In 2021, just three weeks after he turned 15, Antonelli made his single-seater debut in the fifth round of the 2021 Italian F4 Championship, driving for Prema at the Red Bull Ring. He got his campaign off to a good start, finishing as the best rookie in his first race and scoring four points across the weekend. The Italian scored points again at the following round in Mugello, but his breakout weekend would be the final event at the Monza Circuit. Antonelli got second place in race one after a hard battle with championship leader Ollie Bearman and scored two third places to cap off the weekend. Overall, Antonelli ended up tenth in the standings despite missing the majority of the season, being just six points behind full-time Prema driver Conrad Laursen, and finished fourth in the rookies' championship with four wins in the category.

2022 
In 2022, the Italian remained with Prema to contest the Italian F4 series, partnering Charlie Wurz, Conrad Laursen and Ferrari Academy members James Wharton and Rafael Câmara. His season started out in disappointing fashion, as Antonelli was forced to retire from the season opener at Imola after a gearbox issue whilst in the lead with five laps left. He would receive front wing damage after clipping a kerb in Race 2 and was penalised for a collision with teammate Wharton in Race 3, demoting him from fourth to tenth. The following rounds however would bring success, with two victories at Misano, and triples at Spa-Francorchamps and Vallelunga. A further win in Spielberg and Monza respectively added to Antonelli's championship advantage, and he clinched the title by winning Race 1 at Mugello.

Formula 4 UAE Championship 
In preparation for his main campaign in 2022, Antonelli took part in part of the Formula 4 UAE Championship. He took third place in the trophy race held in support of the 2021 Abu Dhabi Grand Prix.
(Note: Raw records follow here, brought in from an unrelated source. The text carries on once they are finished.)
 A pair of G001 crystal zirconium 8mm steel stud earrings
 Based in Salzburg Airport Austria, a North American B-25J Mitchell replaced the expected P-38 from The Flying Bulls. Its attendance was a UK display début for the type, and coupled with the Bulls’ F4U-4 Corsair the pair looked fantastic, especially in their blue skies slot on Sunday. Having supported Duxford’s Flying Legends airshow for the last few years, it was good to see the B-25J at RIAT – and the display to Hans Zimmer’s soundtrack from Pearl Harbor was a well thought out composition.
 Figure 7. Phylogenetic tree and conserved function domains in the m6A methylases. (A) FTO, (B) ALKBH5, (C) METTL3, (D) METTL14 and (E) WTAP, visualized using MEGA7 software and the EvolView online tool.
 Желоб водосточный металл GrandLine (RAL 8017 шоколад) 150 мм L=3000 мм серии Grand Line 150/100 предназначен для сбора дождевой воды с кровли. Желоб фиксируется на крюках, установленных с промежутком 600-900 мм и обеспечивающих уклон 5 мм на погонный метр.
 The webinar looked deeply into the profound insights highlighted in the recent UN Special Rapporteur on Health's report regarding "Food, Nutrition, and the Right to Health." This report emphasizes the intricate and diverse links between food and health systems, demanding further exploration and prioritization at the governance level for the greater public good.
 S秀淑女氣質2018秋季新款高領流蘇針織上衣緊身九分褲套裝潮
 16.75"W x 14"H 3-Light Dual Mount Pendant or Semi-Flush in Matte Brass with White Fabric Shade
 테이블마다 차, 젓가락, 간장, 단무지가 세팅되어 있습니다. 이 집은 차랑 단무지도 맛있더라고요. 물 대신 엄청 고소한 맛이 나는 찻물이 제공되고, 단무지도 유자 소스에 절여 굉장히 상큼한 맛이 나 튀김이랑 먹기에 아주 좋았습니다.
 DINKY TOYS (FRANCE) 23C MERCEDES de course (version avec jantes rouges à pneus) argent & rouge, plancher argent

In the main championship, he was originally set to only contest round three, but health issues for Rafael Câmara meant Antonelli replaced him in the season opener. There, Antonelli took three on-the-road victories in a row, but lost the last one due to a penalty. Accumulating a further podium finish in round 3, Antonelli ended up eighth in the standings despite missing over half of the season.

ADAC Formula 4 Championship 

In 2022, Antonelli raced in ADAC Formula 4 Championship in parallel with his Italian F4 programme. He took two victories in round 1 at Spa-Francorchamps before completely dominating round 2 at Hockenheim, where he took all possible wins, poles and fastest laps. At the third round in Zandvoort he took both pole positions and two fastest laps and took two wins in the first two races before missing out on a hat-trick of wins by 0.058 in the reverse grid Race 3 where teammate Conrad Laursen took the victory. Despite missing the penultimate event at the Lausitzring, the Italian took the championship with one race to spare, having taken victory in the first two races during a weather-affected final round at the Nürburgring.

Motorsport Games F4 Cup 
In October 2022, it was announced Antonelli would represent Team Italy in the F4 Cup discipline of the FIA Motorsport Games. He ended up winning the qualifying and main race respectively, despite racing with a broken left wrist, owing to a collision near the end of qualifying.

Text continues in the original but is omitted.